Exercise directions:
Shown below are entries with pictures; the line with "Tiro atajado. Maximiliano" through the line with "Siak, Lintaspena.com –" is the span to retype exactly, and the pictures stay out.

Given information:
"""
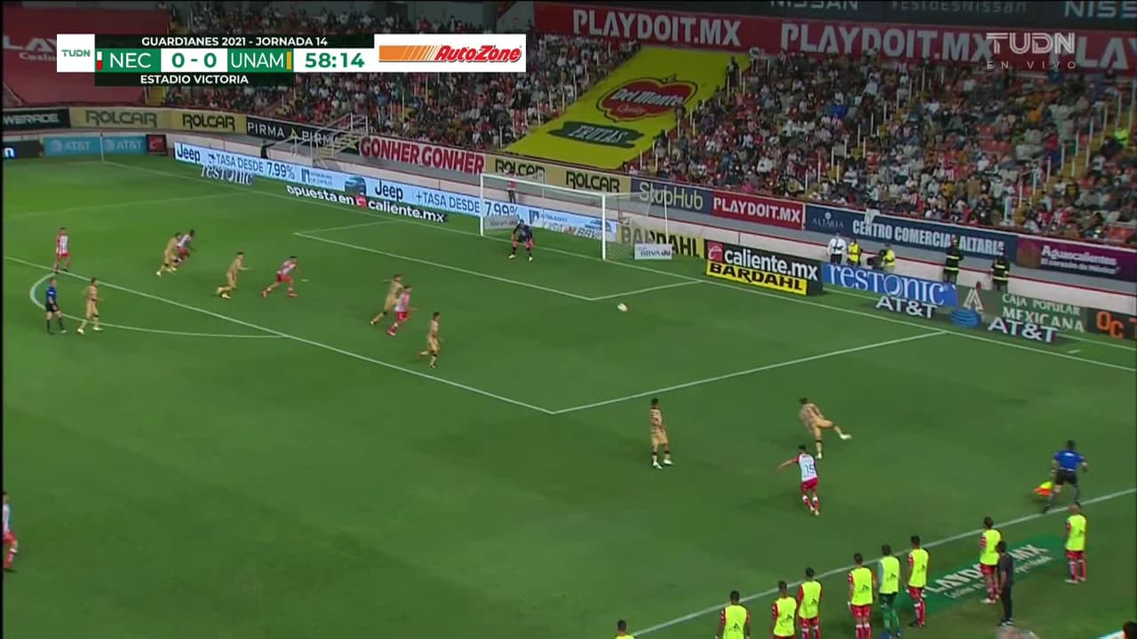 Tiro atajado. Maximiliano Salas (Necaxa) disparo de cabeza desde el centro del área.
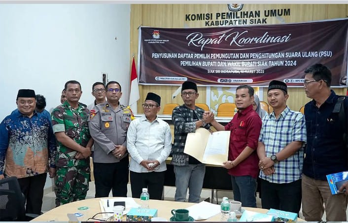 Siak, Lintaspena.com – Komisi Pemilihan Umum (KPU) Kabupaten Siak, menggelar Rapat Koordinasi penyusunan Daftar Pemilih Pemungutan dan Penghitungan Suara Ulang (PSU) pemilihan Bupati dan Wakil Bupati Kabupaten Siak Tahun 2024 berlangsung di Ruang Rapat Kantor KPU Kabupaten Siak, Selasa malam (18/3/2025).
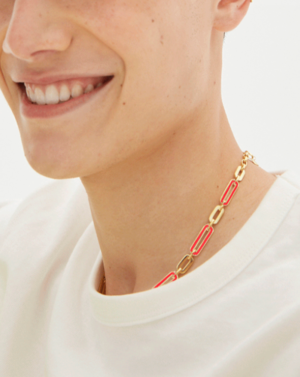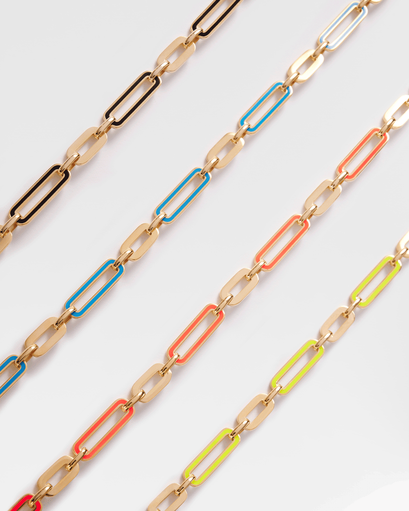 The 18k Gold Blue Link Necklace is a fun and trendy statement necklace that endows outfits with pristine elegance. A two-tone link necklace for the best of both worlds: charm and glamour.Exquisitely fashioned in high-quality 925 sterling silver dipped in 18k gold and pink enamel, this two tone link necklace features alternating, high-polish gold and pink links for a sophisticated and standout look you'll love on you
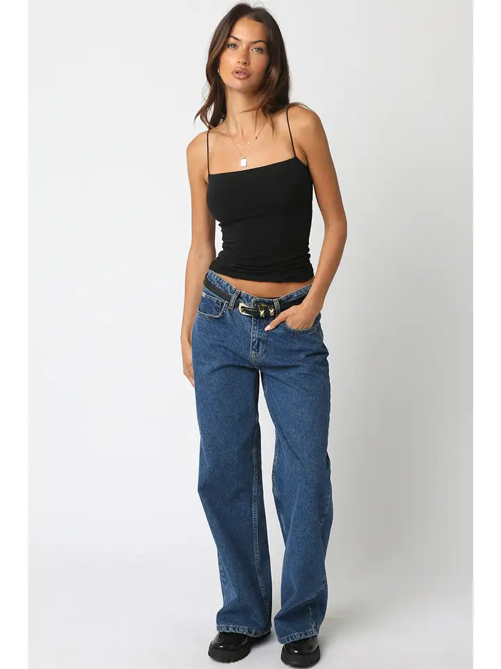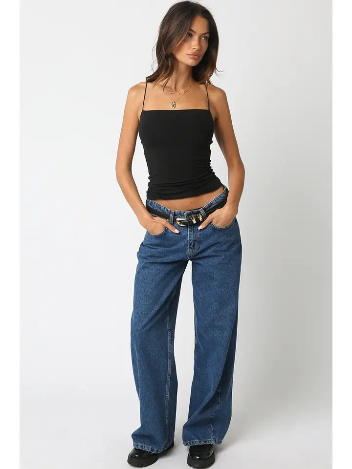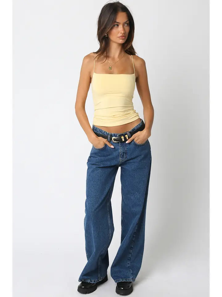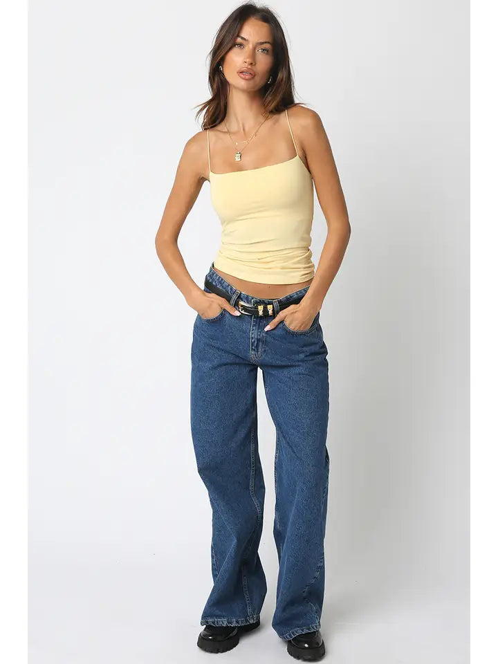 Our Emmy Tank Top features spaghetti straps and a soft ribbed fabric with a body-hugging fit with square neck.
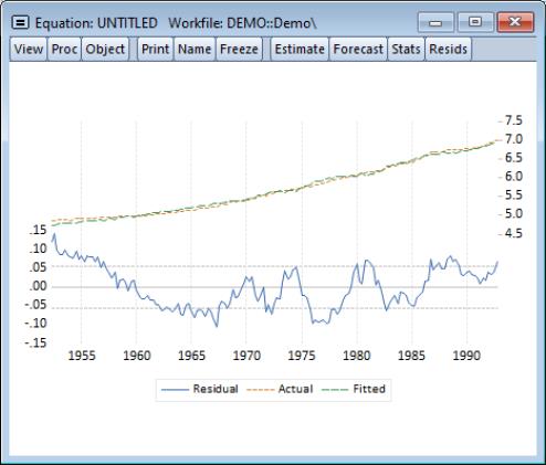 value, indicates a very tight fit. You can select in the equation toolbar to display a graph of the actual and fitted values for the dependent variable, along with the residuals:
"""
"""
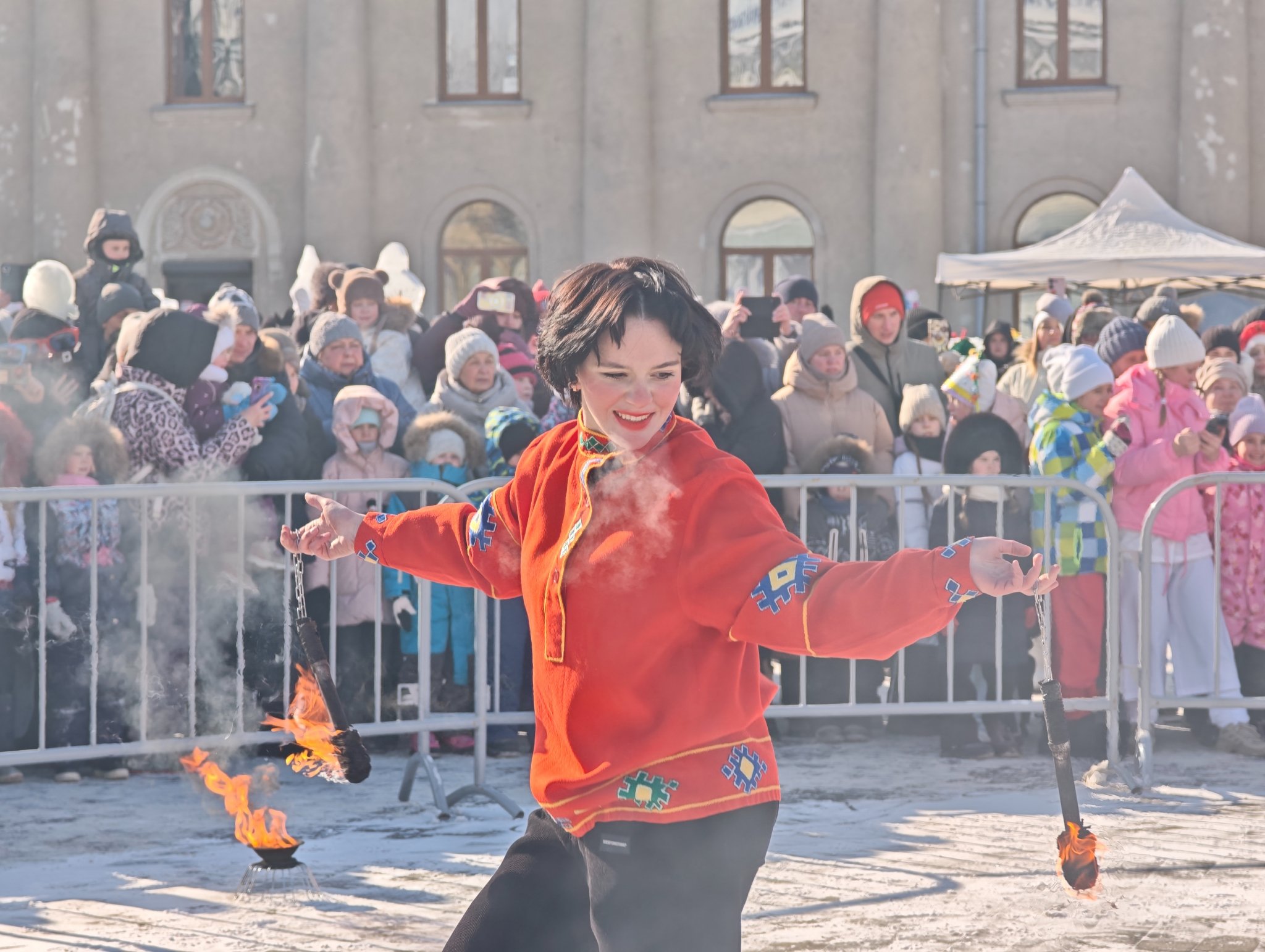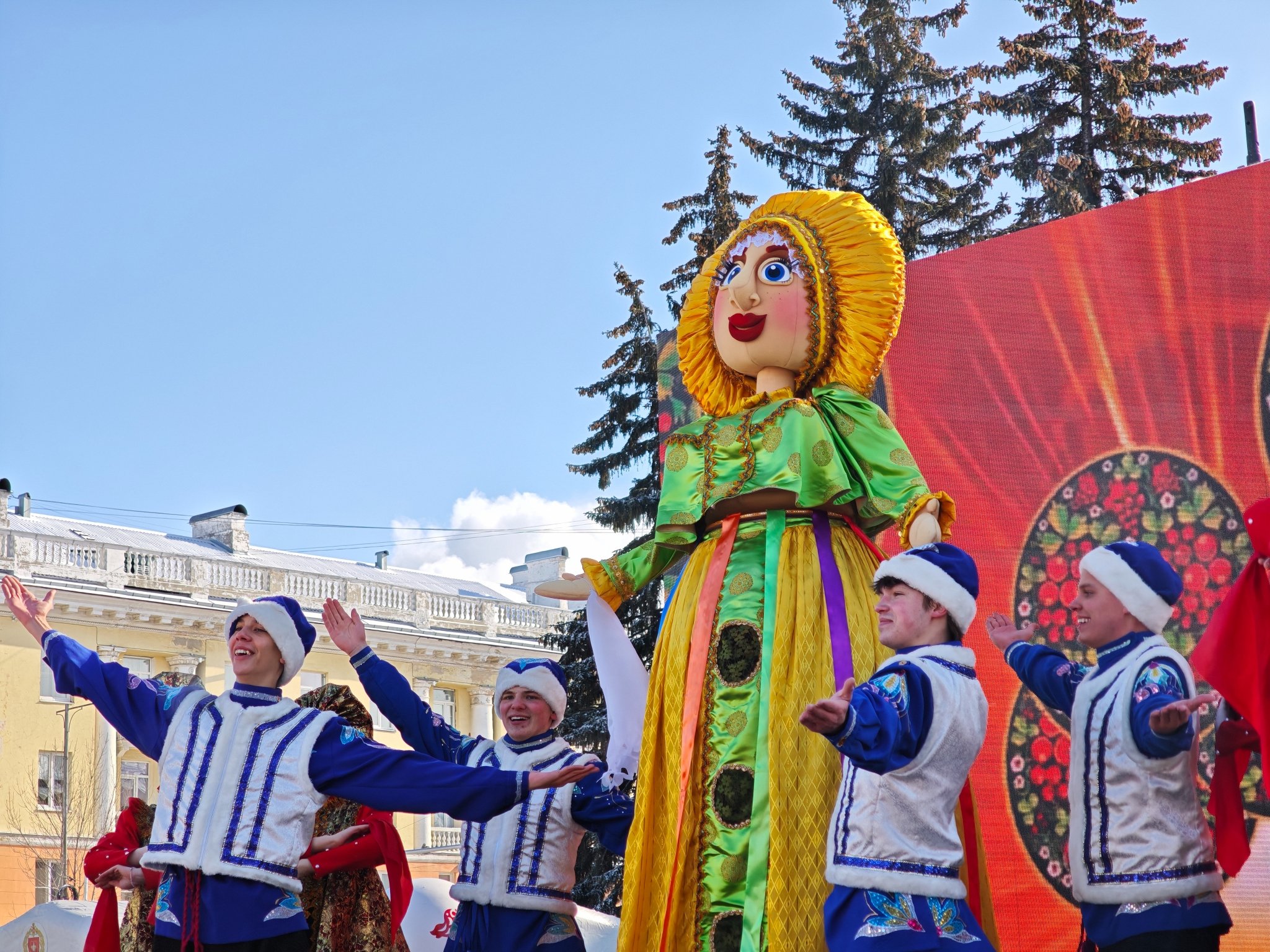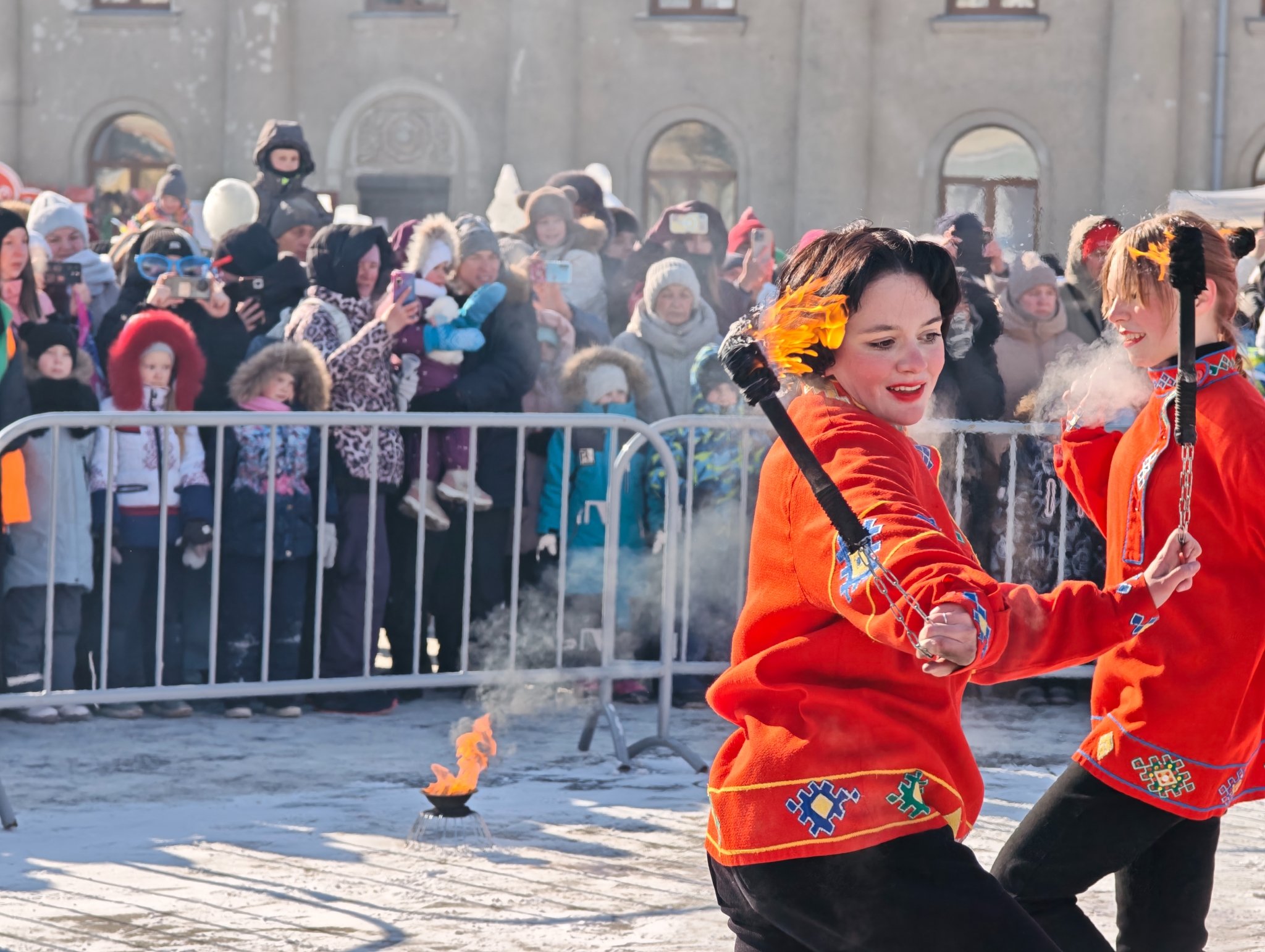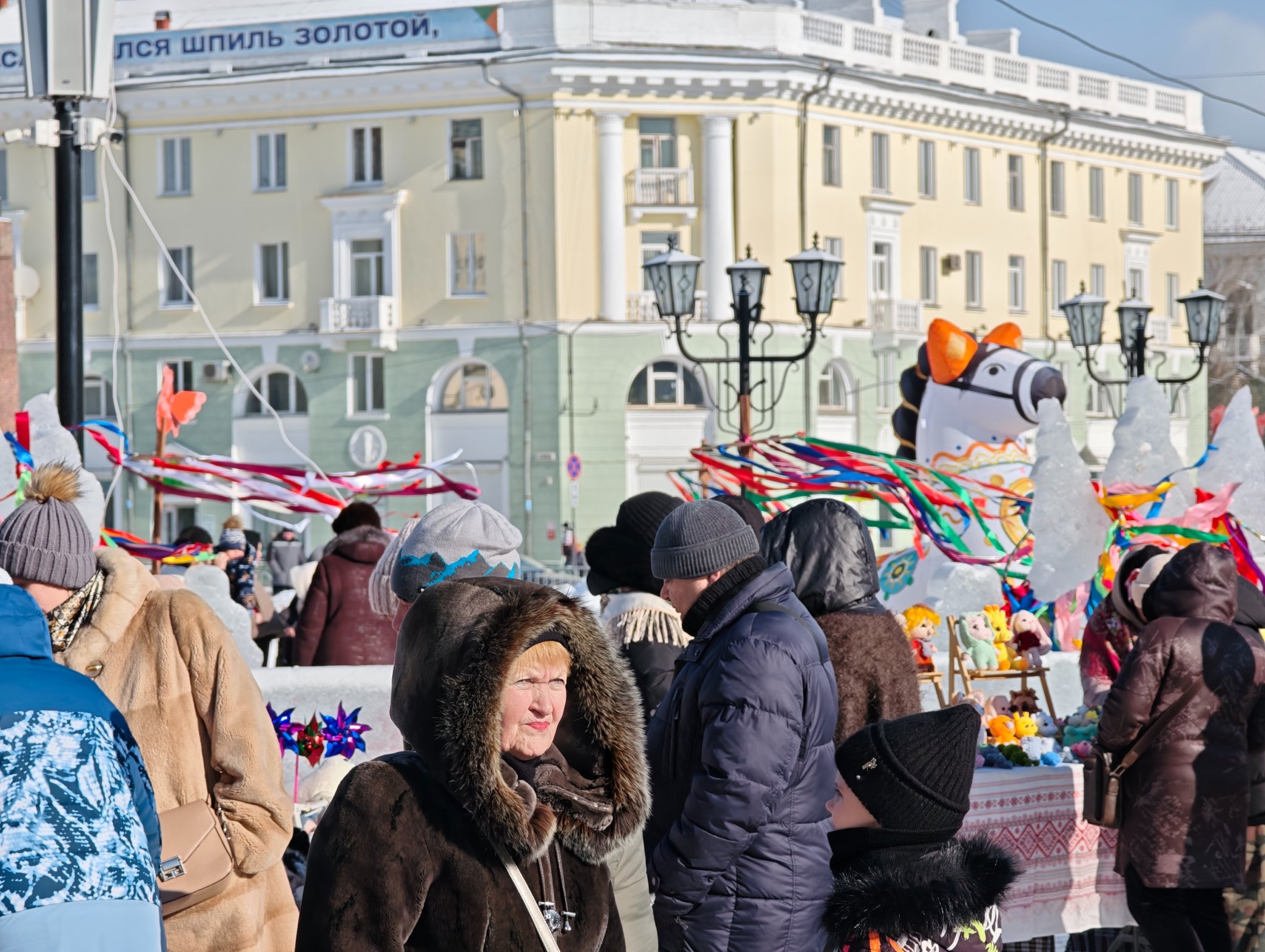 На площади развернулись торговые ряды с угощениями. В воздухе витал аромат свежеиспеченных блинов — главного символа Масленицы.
"""
"""
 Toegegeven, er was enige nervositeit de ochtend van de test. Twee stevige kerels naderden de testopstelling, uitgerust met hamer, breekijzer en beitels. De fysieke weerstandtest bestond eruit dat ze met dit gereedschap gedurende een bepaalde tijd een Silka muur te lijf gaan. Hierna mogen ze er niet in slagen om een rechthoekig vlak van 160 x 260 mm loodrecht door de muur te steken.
"""
Solution below:
 Tiro atajado. Maximiliano Salas (Necaxa) disparo de cabeza desde el centro del área.
 Siak, Lintaspena.com – Komisi Pemilihan Umum (KPU) Kabupaten Siak, menggelar Rapat Koordinasi penyusunan Daftar Pemilih Pemungutan dan Penghitungan Suara Ulang (PSU) pemilihan Bupati dan Wakil Bupati Kabupaten Siak Tahun 2024 berlangsung di Ruang Rapat Kantor KPU Kabupaten Siak, Selasa malam (18/3/2025).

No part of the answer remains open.